Schiedsgutachten

Ein Schiedsgutachten ist ein Instrument zur außergerichtlichen Streitbeilegung, das auch und insbesondere im Baurecht Anwendung findet. Es dient dazu, technische oder fachliche Fragen durch einen neutralen Sachverständigen klären zu lassen. Die Parteien eines Bauvertrags einigen sich darauf, die Entscheidung über eine strittige Angelegenheit nach einem Schiedsgutachten verbindlich anzuerkennen. Dies ist vor allem bei Meinungsverschiedenheiten über Qualitätsstandards, Mängel oder die Ausführung von Bauleistungen der Fall, wenn ein Rechtsstreit vermieden werden soll.

Die rechtliche Grundlage für das Schiedsgutachten findet sich in den §§ 317 bis 319 des Bürgerlichen Gesetzbuches (BGB).

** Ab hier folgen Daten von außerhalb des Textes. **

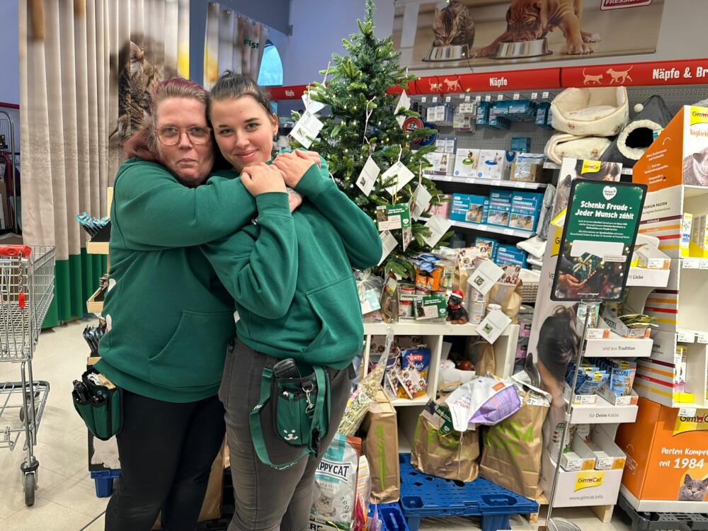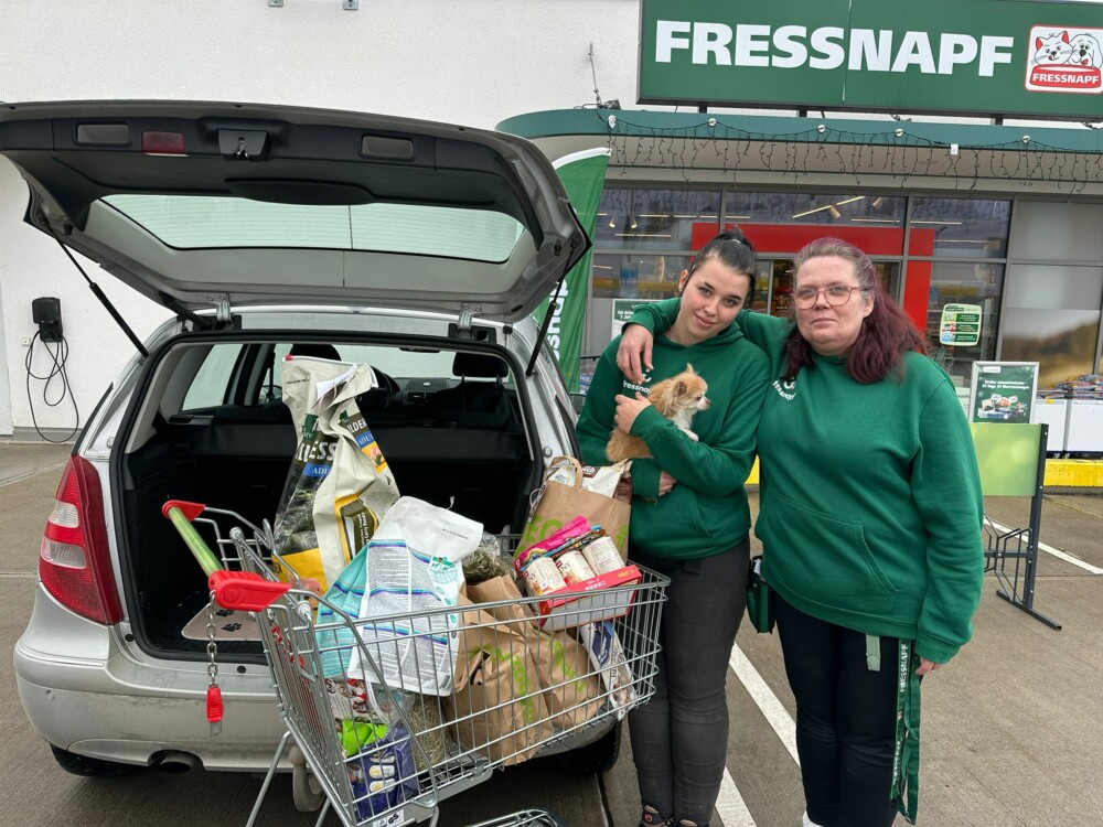 Ganz viele Geschenke für unsere Tiere konnten wir beim Fressnapf Sulzbach-Rosenberg abholen. Wir danken den Mitarbeitern und den tierlieben Kunden, die bereit waren, dringend benötigte Dinge zu kaufen und dann zu spenden. Patenhund Puppi, der sein Pflegefrauchen begleiten durfte, wird bei der Gelegenheit von einer Mitarbeiterin geherzt.
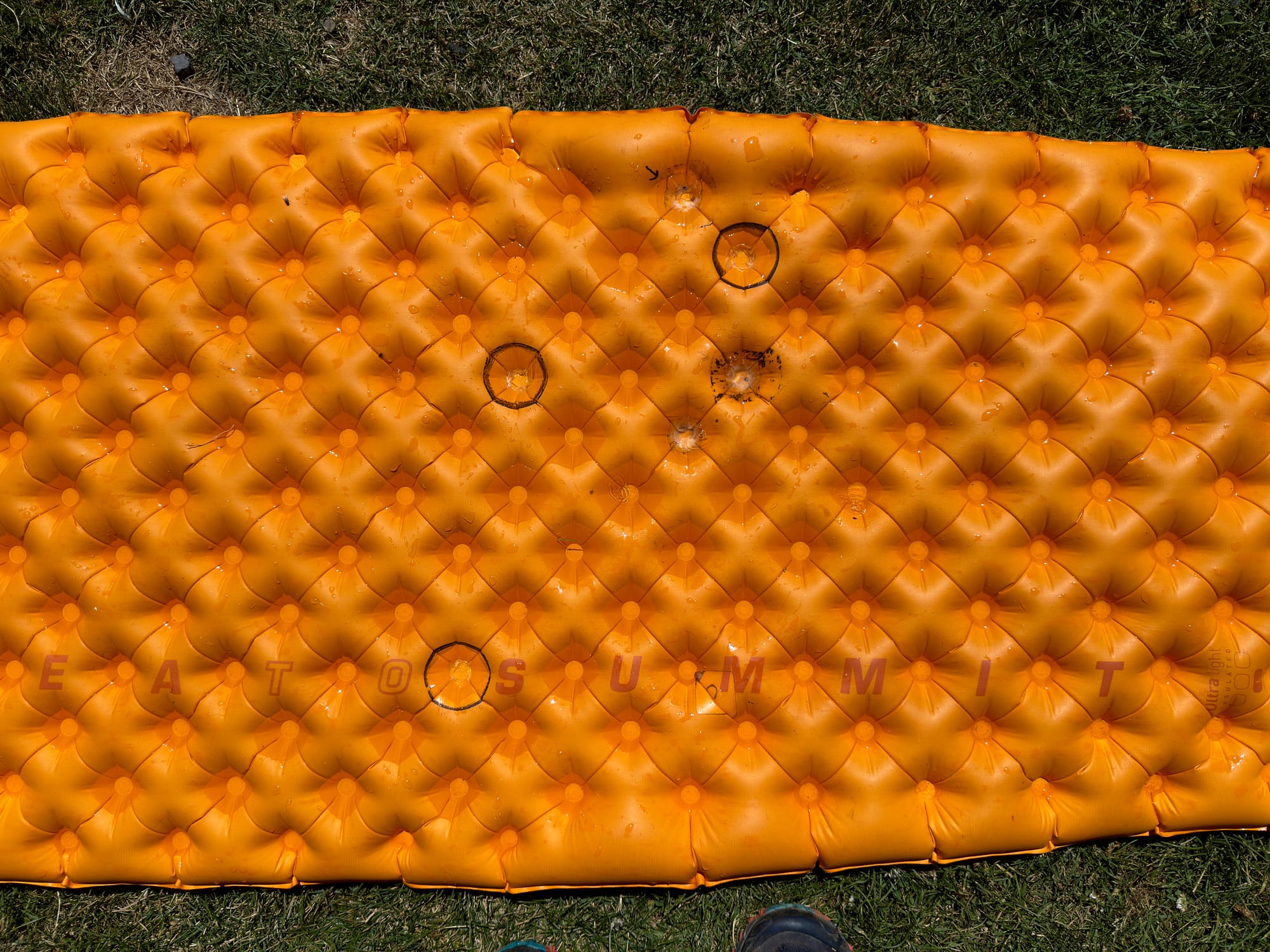 Our biggest chore was repairing our leaky sleeping pads. Kristin‘s pad already had 8+ repairs and we re-did 5 of them plus a couple of new leaks.

Diese Regelungen betreffen die Bestimmung der Leistung durch Dritte und sind auf das Schiedsgutachten anwendbar. Die Parteien vereinbaren vertraglich, dass eine bestimmte Streitfrage durch einen Sachverständigen geklärt wird und wählen gemeinsam einen oder mehrere unabhängige Sachverständige mit entsprechender Fachkompetenz. Der Sachverständige prüft die Streitfrage und erstellt ein Gutachten. Dabei können Begehungen, Untersuchungen und die Einholung weiterer Expertisen notwendig sein. Das Gutachten ist für die Parteien verbindlich, es sei denn, es stellt sich als offensichtlich unrichtig heraus oder es wurden wesentliche Verfahrensvorschriften verletzt.

Im Baurecht wird das Schiedsgutachten häufig in Situationen wie Qualitätsstreitigkeiten, Mängelbewertungen und Nachtragsforderungen eingesetzt. Bei Differenzen über die Ausführung und Qualität von Bauleistungen, zur Klärung, ob und in welchem Umfang Mängel an einem Bauwerk bestehen oder bei Unstimmigkeiten über die Berechtigung und Höhe von Nachtragsforderungen, kann ein Schiedsgutachten entscheidend sein.

Es bietet mehrere Vorteile, durch ein Schiedsgutachten ein gerichtliches Verfahren zu umgehen. Es ermöglicht schnellere Verfahren als Gerichtsprozesse, senkt die Verfahrenskosten und Entscheidungen werden von sachkundigen Experten getroffen, was zu einer verbindlichen Klärung der Streitfrage führt. Es gibt jedoch auch Nachteile. Die Bindung an das Gutachten bleibt bestehen, selbst wenn es unter Umständen unrichtig ist, und die Kosten des Sachverständigen müssen von den Parteien getragen werden. Außerdem hängt die Qualität des Gutachtens maßgeblich von der Fachkenntnis und Unparteilichkeit des Sachverständigen ab.

Schiedsgutachten: Alternative zum Schiedsgericht

Das Schiedsgutachten und das Schiedsgericht unterscheiden sich, obwohl beide der außergerichtlichen Streitbeilegung dienen. Das Schiedsgutachten klärt technische oder fachliche Fragen, während ein Schiedsgericht rechtliche Streitigkeiten entscheidet. Ein Schiedsgutachten wird von einem Sachverständigen erstellt, während ein Schiedsverfahren formeller ist und von Schiedsrichtern ähnlich einem Gerichtsprozess durchgeführt wird. Ein Schiedsspruch kann nur unter engen Voraussetzungen angefochten werden, ein Schiedsgutachten hingegen bei offensichtlicher Unrichtigkeit oder Verfahrensfehlern. Die Beziehung zum Schiedsgericht zeigt, dass es sich hierbei um unterschiedliche, aber ergänzende Instrumente der außergerichtlichen Streitbeilegung handelt.